Most powerful piece of advice for students beginning research or finding a new research project

(Hasan) The most powerful piece of advice I can give to someone who’s starting research is: Start by diving into the work that excites you, and don’t be afraid to explore. Read papers, follow research blogs, and try reproducing results. You’d be surprised how many interesting challenges pop up when you try to recreate what others have done. For me, this process of diving in and experimenting is key—it helps uncover hidden problems and sparks new ideas. But here’s the catch: don’t just solve a problem for the sake of solving it. Ask yourself, How important is this problem? Does it matter? Will people care about this solution? These questions will guide you toward research that’s not only novel but also impactful.

(JinYi) Know what you are interested in. You are the one who leads the project, thinks a lot, and spends the most time. So, it should be interesting to you.

Why did you choose this direction of research?

(Hasan) I was truly fascinated by the potential of generative AI, and I felt a strong need to make these technologies more accessible and affordable. I see this as a way to help more people, enabling advancements that can positively impact daily life in various fields, from healthcare to entertainment.

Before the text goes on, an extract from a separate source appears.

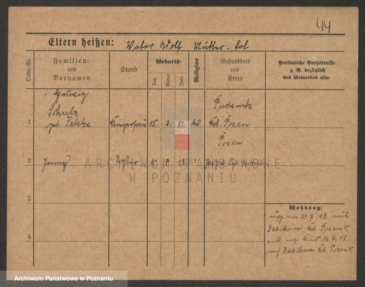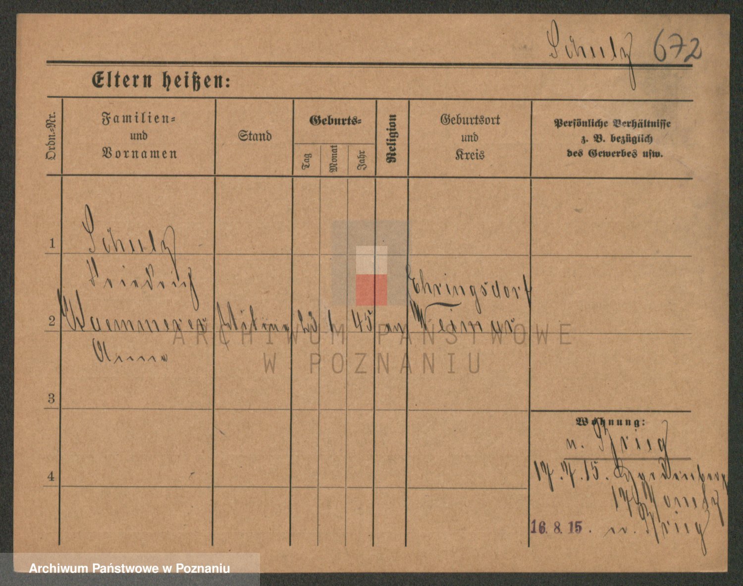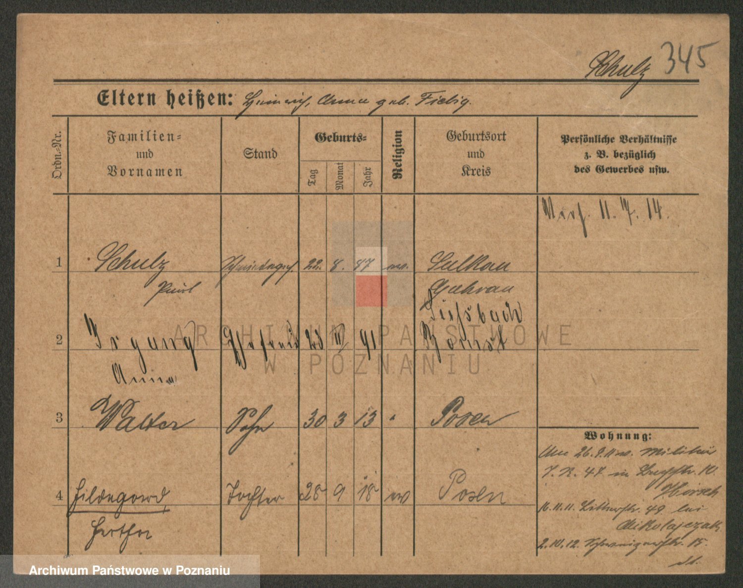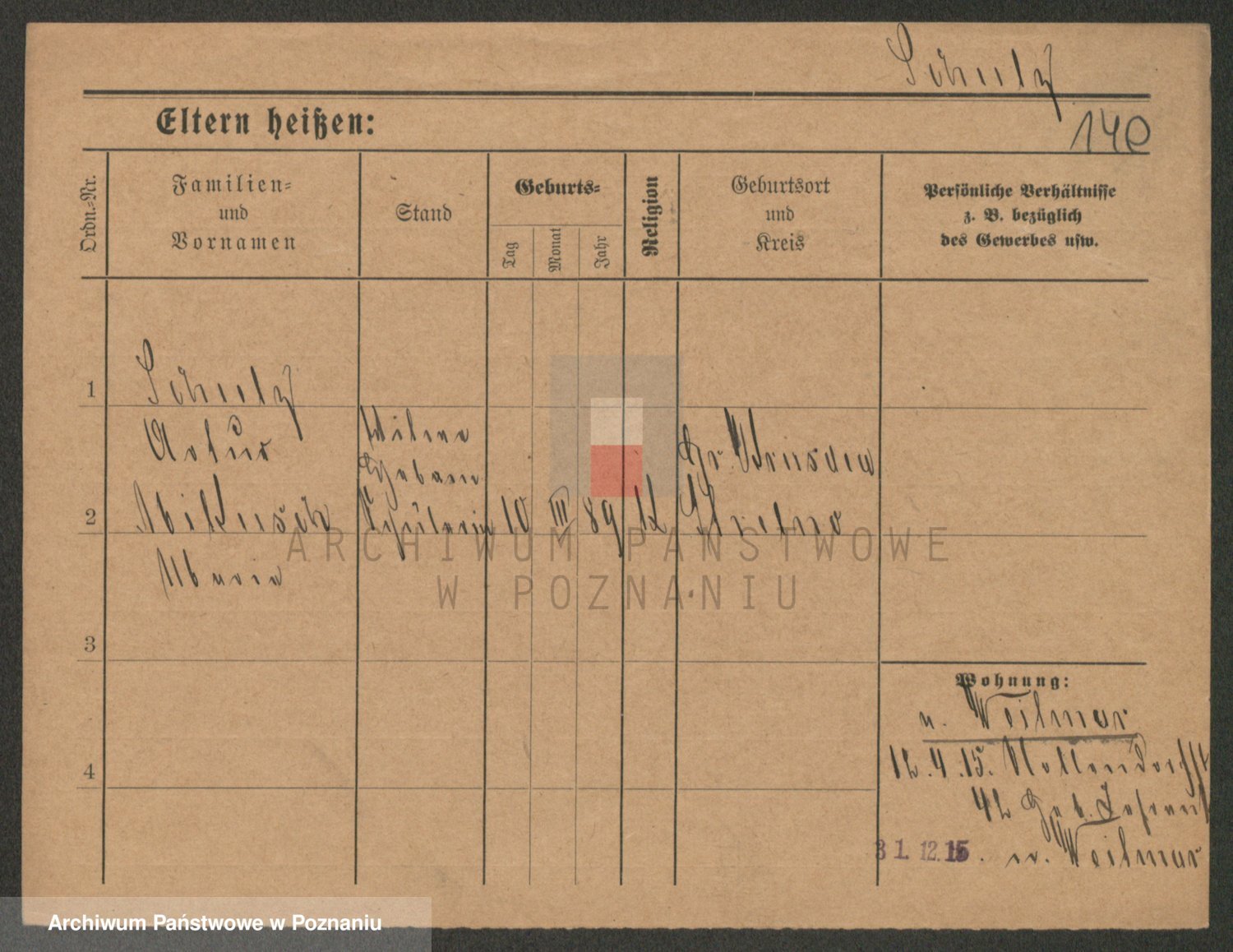 Schulz z d. Stalzenwald I voto Jentsch, Wanda
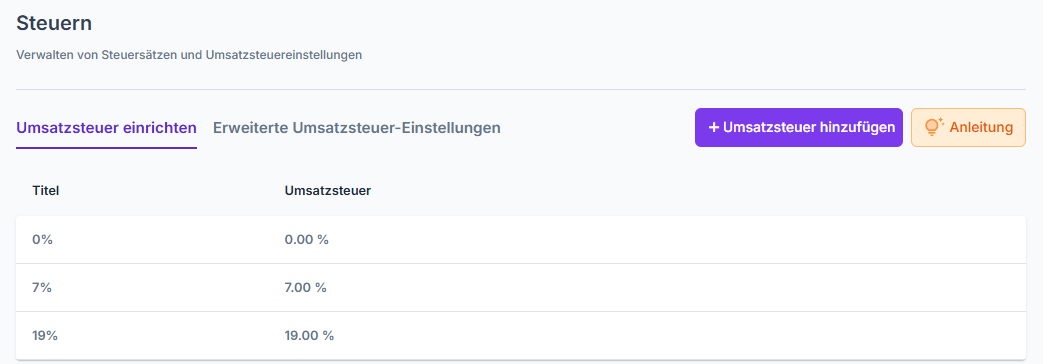Deine Steuersätze kannst du in finban über Einstellungen → Steuersätze anlegen.

(JinYi) I am very interested in solving real-world problems. I believe that most of you agree that AI is very promising. However, not many people are thinking about how to deploy and use them in practice. AI is not some abstract or virtual thing. The system should exist somewhere, and you are accessing it to use. And how do we access them? Most likely through our smartphones, laptops, or desktops. So, how to connect your devices–called edge devices–with those systems is very important.

What has been a tough moment for you either in your life or throughout your career? How did you deal with it? How did it influence your future work direction?

(Hasan) Landing my dream job right after completing my bachelor’s was a huge accomplishment, but shortly after, I had to leave it to start grad school. It was tough, especially as I had to make the difficult decision between diving into a career in GenAI and furthering my academic pursuits. But looking back, I’ve realized that pursuing grad school was the best choice for my long-term goals, allowing me to make a broader impact in the field.

(JinYi) Just right after starting my PhD. It was very stressful for me at that time. Although I spent a lot of time on research, there was no progress or outcome at all over one year. I thought my decision to start a PhD was wrong and didn’t know what to do. I cannot escape from thinking more and more negatively, and the situation becomes worse and worse. Honestly, there were no solutions. I am the person who is motivated by outcomes. So, I just endure and endure, struggle and struggle until I get some good news. I can say my solution was just to keep going. If I gave up there, I couldn’t be here. I couldn’t hope for my dream. I would live a totally different life then. From this experience, I believe now there are so many things that do not go as expected. However, let us just keep going forward persistently. One more thing–Good luck, all!

Thank you for sharing your knowledge with the Chameleon community!